Either way, about the best thing you can is tell the guy, "I'm sorry you're
having difficulties, but this wasn't what I was expecting when I signed on to
work here, and in any case I won't be able to stay on in the presence of
significant delays in compensation. The most I can give you is $N days. If
you're not able to work with that, then I'm sorry, but I'll have to put my
work on hold", where N should be ideally be 3-5 days, and no more than 7-10
(and that, only if you really like the guy).

And then hold firm. Making reference to your previous discussion about runway
would be an excellent assist to your case, as it helps depersonalize the
situation, and focus the founder's attention on keeping his word as to what
he's said previously.

------
snap12789
I would be inclined to say leave immediately, find a new job and rate them
negatively on glassdoor. It seems like it's a bit too early for them to not
have the financial foresight to be able to pay you. Maybe after a year, but
not after just being hired.

If you really care about the company, your role, and have over a year's worth
of expendable savings, you could try to convince them that a partnership with
an equity stake is a better form of payment for both parties. Good luck
though; sounds like they're scheisters.

------
theaccordance
You need to look up the appropriate labor laws for your country/state in order
to determine what options are available to you

------
JSeymourATL
> the co-founder called me saying they're having "financial delays".

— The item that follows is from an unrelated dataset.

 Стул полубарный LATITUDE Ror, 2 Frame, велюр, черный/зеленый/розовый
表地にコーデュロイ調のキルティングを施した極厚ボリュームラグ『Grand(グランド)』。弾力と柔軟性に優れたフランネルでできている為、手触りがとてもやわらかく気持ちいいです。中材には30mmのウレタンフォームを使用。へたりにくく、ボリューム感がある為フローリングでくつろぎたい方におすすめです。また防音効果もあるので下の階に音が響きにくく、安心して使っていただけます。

First, seek to understand. Go see the Co-Founder in person if you can, at
least have a live phone conversation.

Ask what's the nature of the delay? When can you expect to be paid-in-full?

Can they give you at least a partial payment today? After all, you've got
bills to pay too.

Those answers should help inform next steps. There may be an entirely
reasonable explanation and a plan to make good. Be extra-alert for patterns &
other inconsistencies.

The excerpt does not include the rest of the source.